A matéria da sétima página, sobre a convenção estadual do PT paulista, para homologação das candidaturas de Aloizio Mercadante ao governo de São Paulo e de Eduardo Suplicy para reeleição ao Senado, além de candidaturas a deputado federal e estadual, tem por manchete única: “mensaleiros homologados”. No período mais agudo da crise política que se abateu sobre o Partido dos Trabalhadores, com óbvios respingos no governo Lula, a grande imprensa utilizava com bastante reserva ou grafava entre aspas, a palavra mensaleiro ou mensalão. É que o deputado Roberto Jefferson, criador do termo, foi cassado por não haver provado – nem as CPIs provaram – pagamento de remuneração periódica em correspondência com importantes votações de interesse do governo. No caso dos deputados citados na matéria da convenção paulista, trata-se de deputados do PT acusados de envolvimento com dinheiro ilegal e absolvidos pelo plenário da Câmara de Deputados. Fica muito estranho acreditar que deputados petistas recebessem remuneração de caixa 2 para votar matérias de interesse do governo.

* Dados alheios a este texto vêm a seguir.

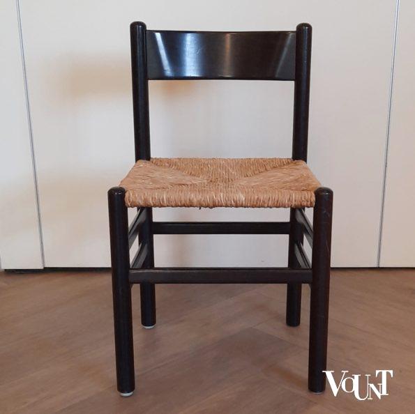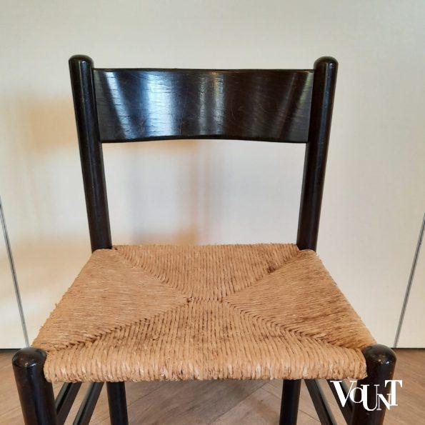 Set van 4 zwarte eettafelstoelen met biezen zittingen, jaren ’60/’70

Dois pesos, duas medidas: na convenção dos tucanos, em Belo Horizonte, não foi referida como presença incômoda, nem tratado como “mensaleiro”, o senador Eduardo Azeredo que, então presidente nacional do PSDB, confessou haver recebido alguns milhões, quando candidato à reeleição para Governador de Minas, inaugurando o denominado valerioduto e, agora, absolvido pelo Senado.

Um corte para o último dia 16 de junho. A Folha de São Paulo estampa, em letras garrafais, a manchete única da capa, ao lado do respectivo texto em que o candidato a vice-presidente, na chapa de Alckimin, senador José Jorge, declarara, em convenção festiva: “como dizem por aí, o presidente Lula é dado ao hábito da bebida”. Na minha leitura, uma carona da Folha, na falta de assunto do casca-grossa, para dizer: “Atenção, leitores-eleitores, Lula bebe!” No mesmo caderno, em páginas menos nobres, sem a mínima chamada de capa, a notícia que remete a uma grande possibilidade do indiciamento de cardeais tucanos e mais de 150 políticos ligados à base de apoio a FHC por recebimento de cerca de 40 milhões, não contabilizados. A já autenticada lista de Furnas.


Pérolas. Patranhas, disparates e trapaças nos meios de comunicação.